In March–on the eighth anniversary of the Fukushima disaster–Time magazine published an article with the headline: “Want to Stop Climate Change? Then It’s Time to Fall Back in Love with Nuclear Energy”. In it, the former head of the International Atomic Energy Agency, Hans Blix, evokes the imminent threat of climate catastrophe to argue, “There are paths out of this mess. But on March 11, 2011 [the day of the Fukushima disaster], the world’s course was diverted away from one of the most important. I am talking about nuclear energy”. He continues by criticising public fears of nuclear as irrational: “Plane crashes have not stopped us from flying, because most people know it is an effective means of travelling”. Blix speaks for the global nuclear industry, which is increasingly attempting to present itself as the solution to climate change.
But plane crashes do not kill untold numbers and spread deadly poisons over huge areas of the planet. Fukushima was and still is a horrific and ongoing human and environmental catastrophe, exposing the horrendous risks to which the powerful are willing to subject people and the planet. It should be remembered every time a pro-nuclear bureaucrat or politician exploits genuine concern about climate change to promote this deadly industry. It should never be forgotten.

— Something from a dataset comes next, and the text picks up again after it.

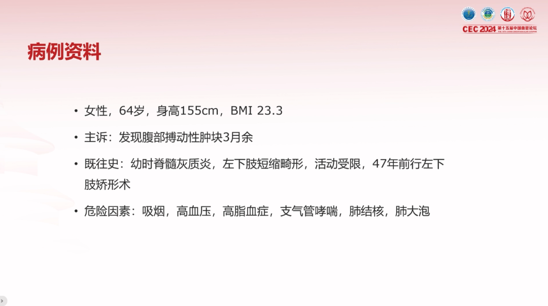 64岁女性,身高155cm,BMI23.3,因“发现腹部搏动性肿块3月”就诊。既往史包括幼时脊髓灰质炎致左下肢短缩畸形、活动受限,47年前左下肢矫形术,合并吸烟、高血压、高脂血症、支气管哮喘、肺结核、肺大泡,因心肺功能及体型因素无法耐受开放手术。

The Tohoku earthquake was so violent that it shifted the Earth’s axis by almost 10 centimetres and altered Japan’s coastline by more than two metres. Japanese residents immediately knew that this disaster was worse than others, with the telephone poles and cinder block walls of Tokyo swaying back and forth. The quake and subsequent tsunami killed about 16,000 people.
The world watched in apprehension as the tsunami battered nuclear power plants, among them Fukushima Daiichi. TEPCO, the energy giant operating the plant, had known that this might happen. Just four years earlier, the TEPCO-run Kashiwazaki-Kariwa nuclear plant on Japan’s north-west coast had sustained damage from a magnitude seven earthquake. TEPCO management had estimated that a tsunami up to 15.7 metres high could strike the Fukushima plant, with disastrous consequences. But they did nothing.

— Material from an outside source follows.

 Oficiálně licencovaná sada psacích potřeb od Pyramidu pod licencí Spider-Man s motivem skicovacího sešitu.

Then disaster struck. The force of the giant waves disabled the generators powering Fukushima’s cooling system. A failed cooling system allowed temperatures inside the reactors to skyrocket, reaching up to 2,300°C. Nuclear fuel rods, requiring intense underwater cooling, quickly melted. The uranium sludge (known as corium) ground through the floor and rendered three reactors an impenetrable wreck of magmatic steel, concrete and nuclear waste.
Hydrogen explosions indicated the point of no return had been reached. Toxic plumes rose from the plant, and radioactive debris spewed out. All layers of containment were breached, and radioactive fluids began to flow into the soil and the sea. The first official reaction to the crisis was to lie to the public. While the triple meltdown was in full swing, TEPCO representatives held press conferences assuring the world that the reactors were stable, that the fuel was being cooled and contained, that there was no risk to human health. The company did not acknowledge that a meltdown had taken place until the following May. In 2016, TEPCO President Naomi Hirose admitted there had been a cover-up, describing it as “extremely regrettable”.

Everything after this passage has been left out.